Gaudio wrote to the editor, complaining about the re-use of her copyrighted article and requesting an apology and a donation amounting to $130, 10 cents per word in the article, be given to the Columbia School of Journalism. What she got back was a snooty response that Gaudio should be thankful they “improved” the article by editing it and included it with proper attribution.
But honestly Monica, the web is considered "public domain" and you should be happy we just didn’t "lift" your whole article and put someone else’s name on it! It happens a lot, clearly more than you are aware of, especially on college campuses, and the workplace. If you took offence and are unhappy, I am sorry, but you as a professional should know that the article we used written by you was in very bad need of editing, and is much better now than was originally. Now it will work well for your portfolio. For that reason, I have a bit of a difficult time with your requests for monetary gain, albeit for such a fine (and very wealthy!) institution. We put some time into rewrites, you should compensate me!
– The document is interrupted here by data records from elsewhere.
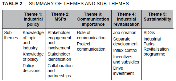 Five main themes with related sub-themes were constructed (see Table 2 below): industrial policy, MSPs, the importance of communication, industrial revitalisation, and sustainability.
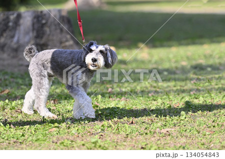 お散歩中のミニシュナ ミニチュアシュナウザー
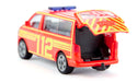 Detailed toy model of the VW T5 fire service command vehicle with new printing - perfect for playing and collecting for fire service fans of all ages. The robust model features a sturdy metal body and rubberised tyres for excellent rolling characteristics. The tailgate can be opened and a trailer coupling enables exciting combinations with other trailers on the same scale.
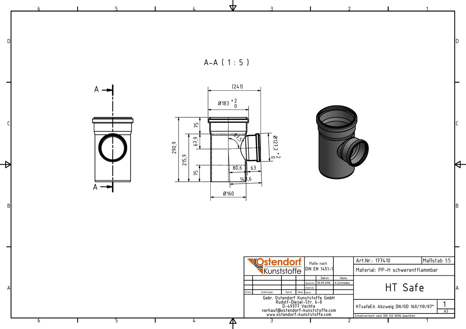 Ostendorf HTsafe Abzweig EA DN/OD 160/110 x 87,5°
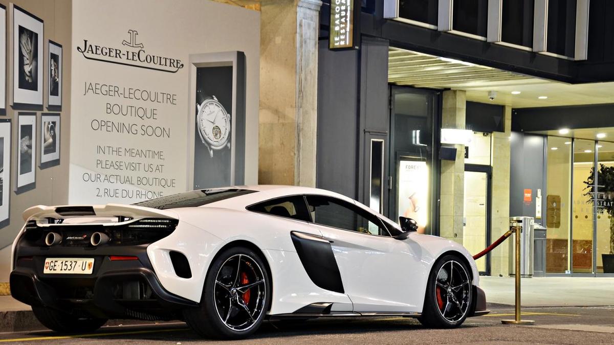 甫在第85屆日內瓦車展(Geneva Motor Show)當中發表的全新McLaren 675LT日前現身日內瓦(Geneva)街頭,該車身披亮眼潔淨的白色塗裝,與車展中亮相的水泥灰色者不同,而停放在名錶品牌積家(Jaeger-LeCoultre)即將落成的新展示間前的這部McLaren 675LT,也巧妙地成為吸引路人圍觀的活廣告。
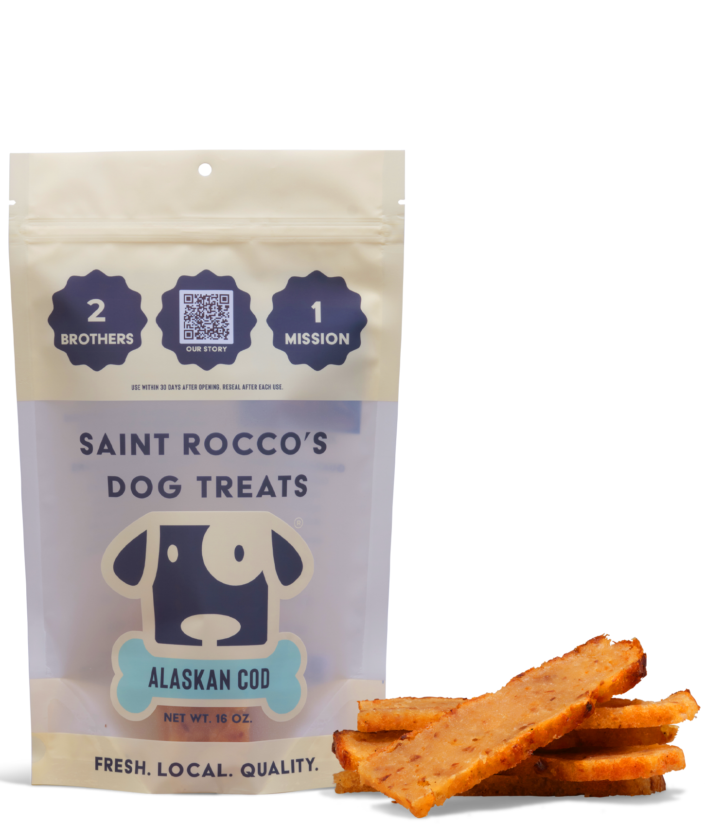 Hand-crafted using Wild-Caught Alaskan Cod. Our Cod treats are fresh-baked daily using our 48-hour artisan process. The result is a treat with unmatched flavor & aroma for your dog and a superior product experience for you, their human.

I never charge young writers for advice or rewriting poorly written pieces, and have many who write for me… ALWAYS for free!
Since Gaudio posted about this to her LiveJournal, the news has spread faster than an Internet meme. It’s gotten coverage on Internet news sites such as Gawker and Gizmodo, and the magazine’s editor has been mocked by John Scalzi.
A Facebook page has gone up to demonstrate that Gaudio’s was far from the only Internet article the magazine has plagiarized. People are also posting complaints to the magazine’s own Facebook page, prompting another non-apology apology from the editor.
Mike Masnick at Techdirt has an interesting analysis of the situation, looking at the damage to the magazine’s reputation and the way that the Internet community as a whole can act as a sort of balancing mechanism to redress what they see as a genuine wrong without having to resort to legal filings.
There are a few other interesting lessons out of this. First is that, contrary to what some people claim, you don’t have to be a "big name" to make these things work for you. People have a sense of when someone has been genuinely wronged, and they step up. So, Monica was able to get attention for this, despite not being "famous" in the conventional sense. Second, contrary to the claims that the various "online mobs" that hang out in places like Reddit "just want everything for free," various online communities have always shown a willingness to stand up against situations where they feel someone was genuinely wronged. And that should give you an idea of what they really think of various situations where some record label complains about file sharing. It’s a totally different situation, and people react accordingly.
As more and more content migrates online, mistaken attitudes that “if it’s on the Internet, it’s public domain” are going to have to change. Gaudio would be within her rights to file a copyright lawsuit against the magazine—as, apparently, would a number of other plagiarized sources, possibly including NPR and the Food Network.
It’s going to be interesting to see how this story develops.